Recovery crews continue to probe off the coast of South Carolina for more debris from the Chinese spy balloon that was recently shot down by a U.S. fighter jet, but only after it traversed the entire country.

China claims the balloon was a weather research device that had blown off course, but Senator Bob Hall (R), a former Air Force officer, is among those who believe the balloon was sent over the U.S. to test her defenses and was perhaps a dry run for a future electromagnetic pulse (EMP) weapon attack.

Hall, Bob (R-TX) Hall

He says experts have long warned that the U.S. electric grid is vulnerable to physical, cyber, and EMP threats. However, unlike physical and cyber, the threat from an EMP to the nation's electric grid has been all but ignored by the government and the electric industry – even though the experts on the White House Commission on EMP have concluded that one of the most likely high altitude nuclear (EMP) attacks would be delivered by a weather balloon.
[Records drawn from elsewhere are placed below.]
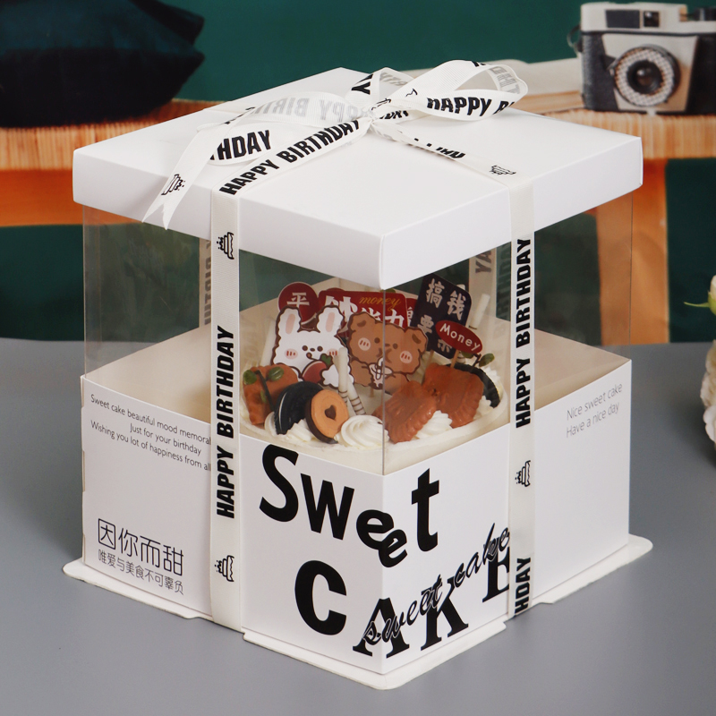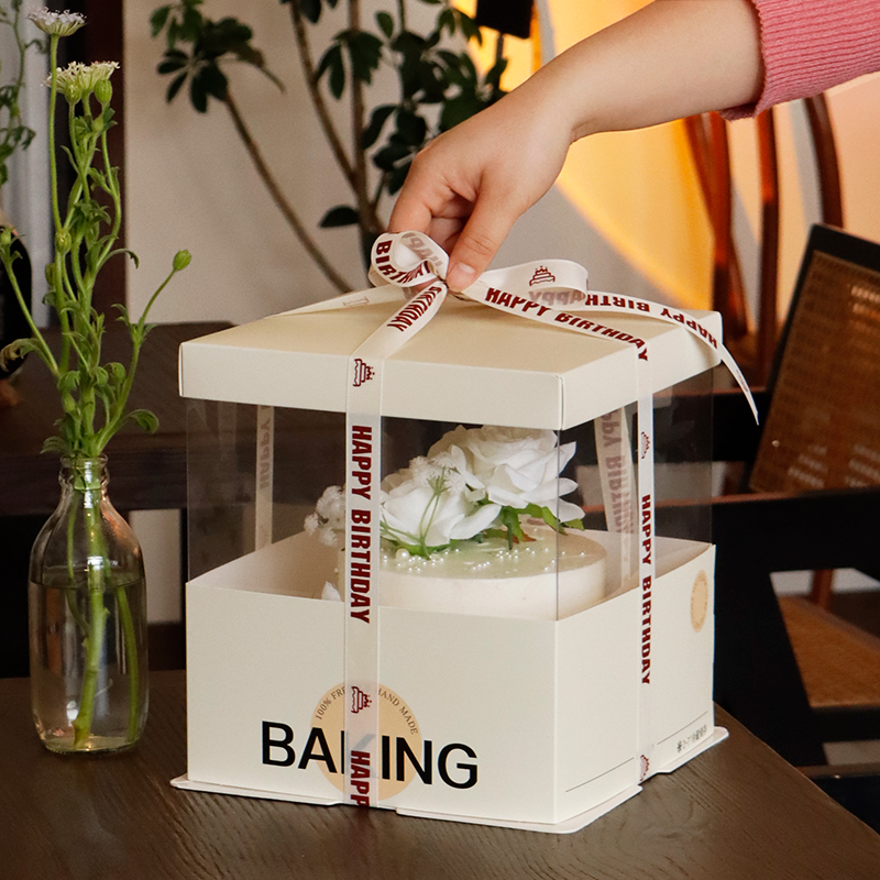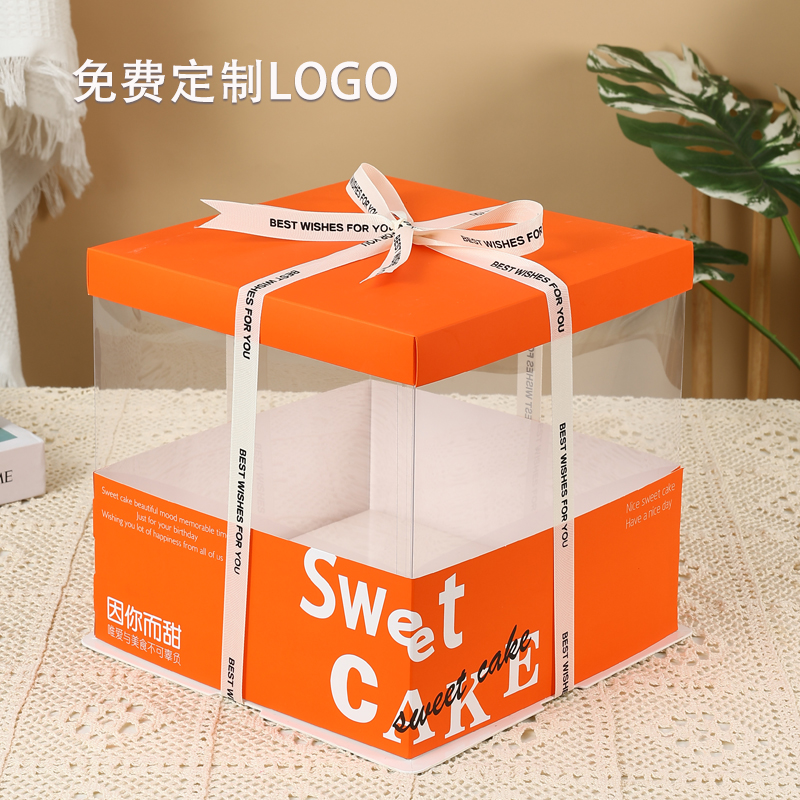 网红透明生日蛋糕盒子包装盒468102寸双层加高新款橙色小红书同款 - 盒星烘焙包装
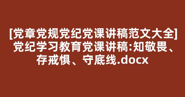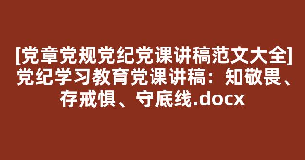 [党章党规党纪党课讲稿范文大全]党纪学习教育党课讲稿:知敬畏、存戒惧、守底线.docx怎么写技巧如下: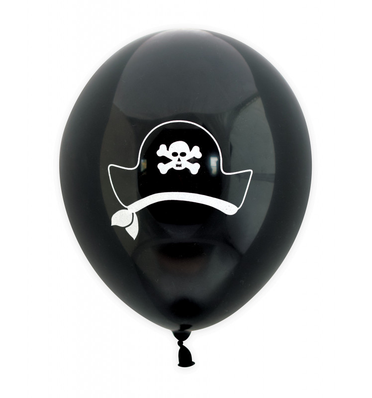Lot de 6 ballons noirs avec motif chapeau de corsaire/pirate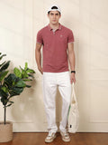 Polo Neck Cotton Blend Pink T-Shirt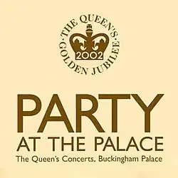 The Party at the Palace was a pop/rock music concert held at Buckingham Palace Garden in London on 3 June 2002. The event was in commemoration of the Golden Jubilee of Queen Elizabeth II held over the Golden Jubilee Weekend.[1] It was the pop/rock equivalent of the Prom at the Palace, that showcased classical music.[1] 10 years later the Diamond Jubilee Concert for the Queen's Diamond Jubilee was held in 2012, followed by the Platinum Party at the Palace for the Queen's Platinum Jubilee in 2022.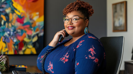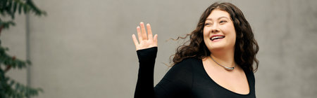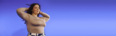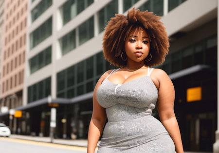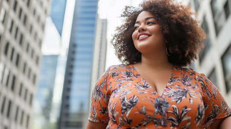 A stunning plus size woman showcases confidence while posing with elegance and style.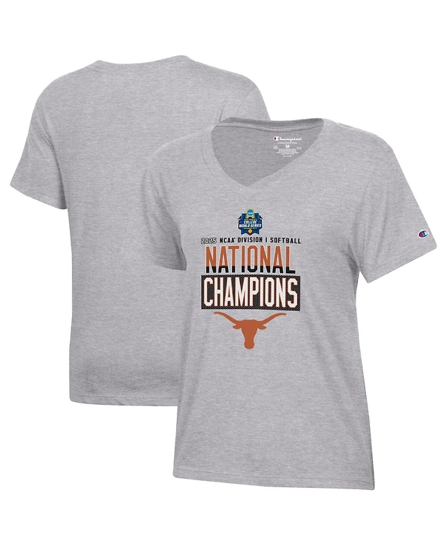 Champion Women's Gray Texas Longhorns 2025 Ncaa Softball Women's College World Series Champions Locker Room V-Neck T-Shirt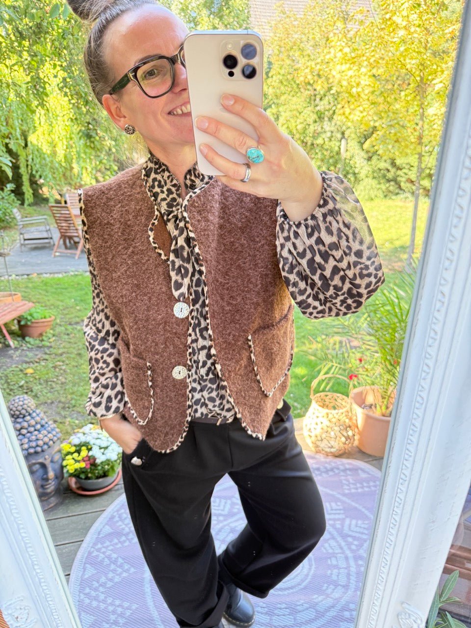 • Besondere Details: silberfarbene Knöpfe & Leo-Zierband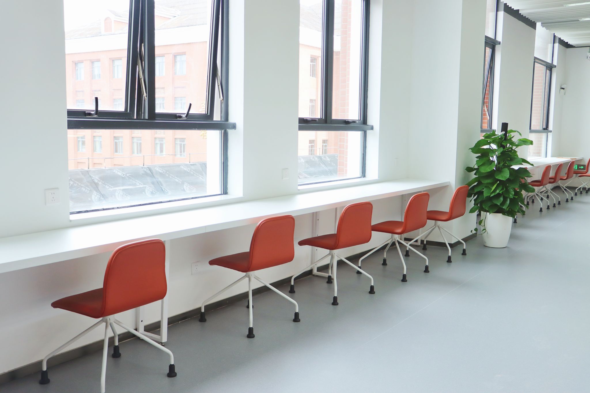 北区北侧的长排靠窗阅览座位,可凭窗远眺浩瀚大海。浪涛阵阵,书香为伴,是激发灵感、沉淀思绪的绝佳位置。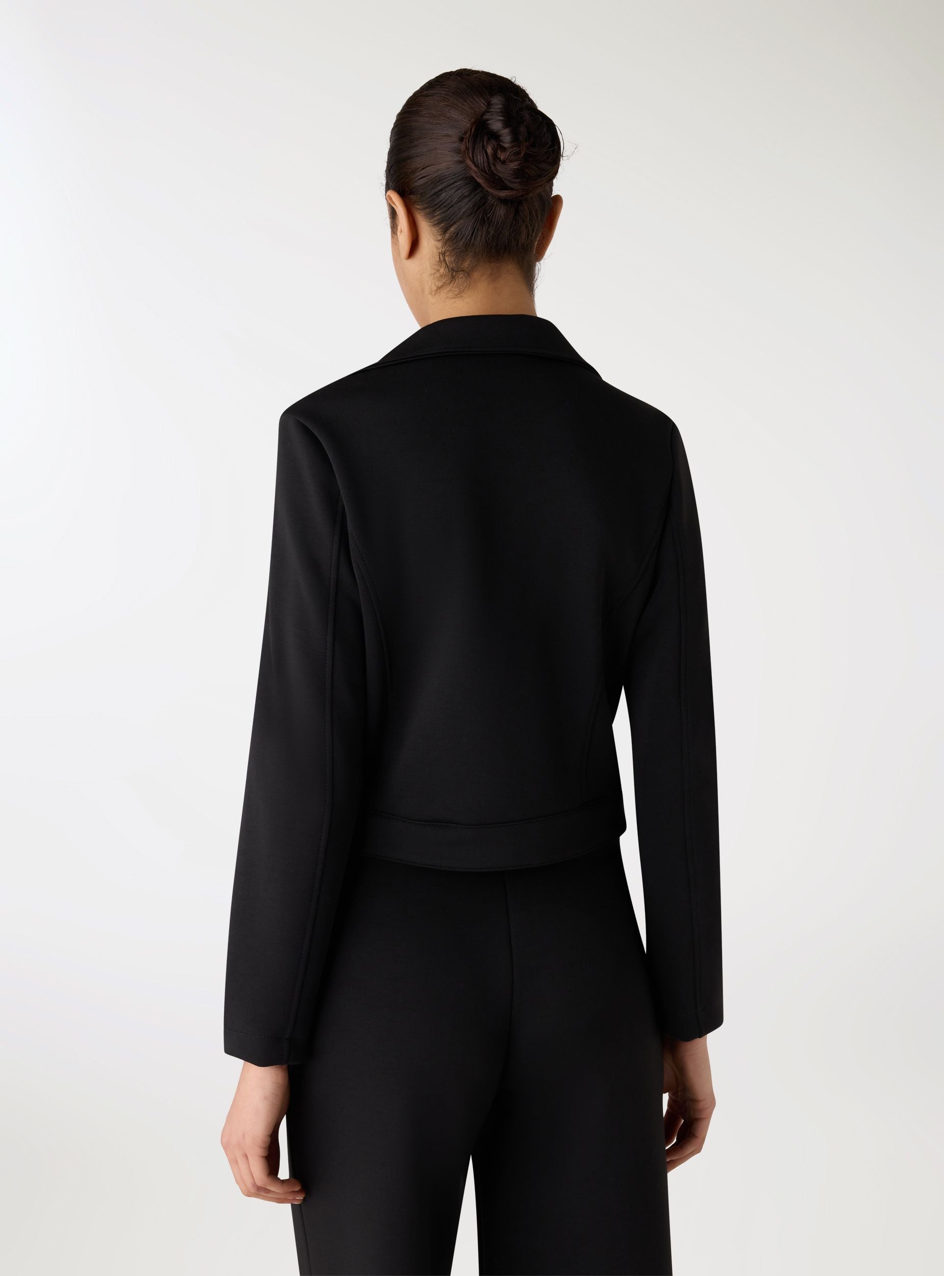 Chiodo da donna tinta unita dal taglio crop, perfetta per dare carattere ai look da giorno e da sera. Il design con collo a revers e chiusura con zip asimmetrica valorizza la silhouette, mentre le maniche lunghe e le impunture sagomate aggiungono definizione. Da abbinare a jeans a vita alta o a un vestito per un contrasto grintoso.Dettagli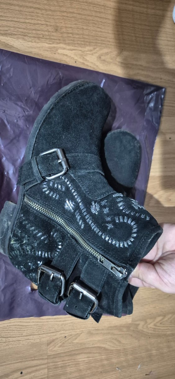Siyah Süet Kadın Bot, Tokalı, Nakışlı

"It is an extremely high risk to the American people because it is one of the simplest and easiest ways to absolutely cripple America beyond recovery," Sen. Hall recently told American Family Radio.

He added that the U.S. has been aware "for decades now" that EMP weapons are a threat, and that is why he has spent his time in office devising a plan for if and/or when there is a period in which "we have no electricity, while we're getting it restarted, and determining what we can do so that we can do a restart."

"The system may shut down, but it will not be burned up," Hall explained. "Right now, today, if we don't do something, the system will be burned up and will not be repairable."

He told the radio program that it is vital that America has a system that can survive an EMP. His SB 330 in the Texas Senate and Rep. Matt Schaefer's HB 1412 in the Texas House aim to see to that.